Bright and early Wednesday morning they headed up Interstate 75, dad driving the Penske rental truck with daughter following in her little Hyundai Accent. About an hour and a half into the trip, even before a breakfast break, dad gets a call.
"My window exploded!" Daughter has pulled over to the side of the road and doesn't know what to do next. Dad has no clue what has happened since his side mirrors don't allow that view. He takes the next exit, four or five miles ahead, then doubles back ten miles to the exit he needs and finally comes up behind her. Her driver's window is shattered, with glass everywhere around her, and the side of the car looks like it's been sanded by a buzz saw.
Truly thank God for cell phones and tempered glass. When the Florida highway patrolman arrived, they together determined she had been side swiped by a semi-tractor trailer. The semi was likely moving back to the right lane after passing a rest stop. The box of the semi's trailer hit her window just before its wheels raked the body of her car. The trucker never knew he hit someone. She didn't see the truck since the shock of the breaking window was so distracting. The patrolman said a semi hits a car without noticing at least once a day on that stretch of interstate.
You often see cars on the side of the road, by themselves, and you wonder what happened. Now you know.

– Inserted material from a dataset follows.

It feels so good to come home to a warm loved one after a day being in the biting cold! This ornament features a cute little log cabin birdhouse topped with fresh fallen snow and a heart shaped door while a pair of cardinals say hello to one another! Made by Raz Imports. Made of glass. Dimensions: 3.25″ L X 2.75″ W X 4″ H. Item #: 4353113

The car was driveable, so they made it the few miles to a nearby Penske dealership. Yes, there was a car trailer available but it was parked behind a truck with a dead battery. So more time ticked by as they replaced the truck battery to move the truck to get to the trailer to attach to our truck. Daughter had to drive the car up on to the trailer, since she was the only one small enough to squeeze behind the wheel. She did a good job for someone whose life really had just flashed before her eyes.

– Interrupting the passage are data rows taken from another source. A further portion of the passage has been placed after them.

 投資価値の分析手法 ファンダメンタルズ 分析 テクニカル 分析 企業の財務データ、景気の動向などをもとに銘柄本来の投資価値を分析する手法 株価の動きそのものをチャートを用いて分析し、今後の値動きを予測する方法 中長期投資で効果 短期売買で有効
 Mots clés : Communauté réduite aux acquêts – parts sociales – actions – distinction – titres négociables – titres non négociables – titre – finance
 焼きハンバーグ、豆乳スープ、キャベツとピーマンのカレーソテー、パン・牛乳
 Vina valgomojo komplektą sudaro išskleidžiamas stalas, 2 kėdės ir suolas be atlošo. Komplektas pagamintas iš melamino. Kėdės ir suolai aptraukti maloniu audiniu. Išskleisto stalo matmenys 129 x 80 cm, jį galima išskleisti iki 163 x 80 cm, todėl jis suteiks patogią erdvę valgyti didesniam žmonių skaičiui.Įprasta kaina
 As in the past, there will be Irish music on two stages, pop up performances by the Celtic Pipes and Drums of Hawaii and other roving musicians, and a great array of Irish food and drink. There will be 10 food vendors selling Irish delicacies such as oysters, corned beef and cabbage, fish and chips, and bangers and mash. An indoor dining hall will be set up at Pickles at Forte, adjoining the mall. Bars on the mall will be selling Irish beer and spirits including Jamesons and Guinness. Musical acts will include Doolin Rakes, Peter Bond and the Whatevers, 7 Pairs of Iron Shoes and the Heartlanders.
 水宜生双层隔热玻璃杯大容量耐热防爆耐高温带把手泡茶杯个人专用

After the three hour delay, they were on the road again - a shaky dad and daughter and a nervous cat in the cab of a Penske truck pulling a car taped up with plastic to keep out the rain. Shortly after their re-start they drove into thunderstorms. Dad called to let me know he expected lightning to hit them soon.
But lightning didn't strike, the plastic covering on the car held, the truck and trailer performed admirably and now they're home.
So here's a plug for Penske, with quality equipment and enough locations to be quite handy. And major kudos to Hyundai, a company that builds tough little cars that know how to break in only the right places. It could have been so very much worse.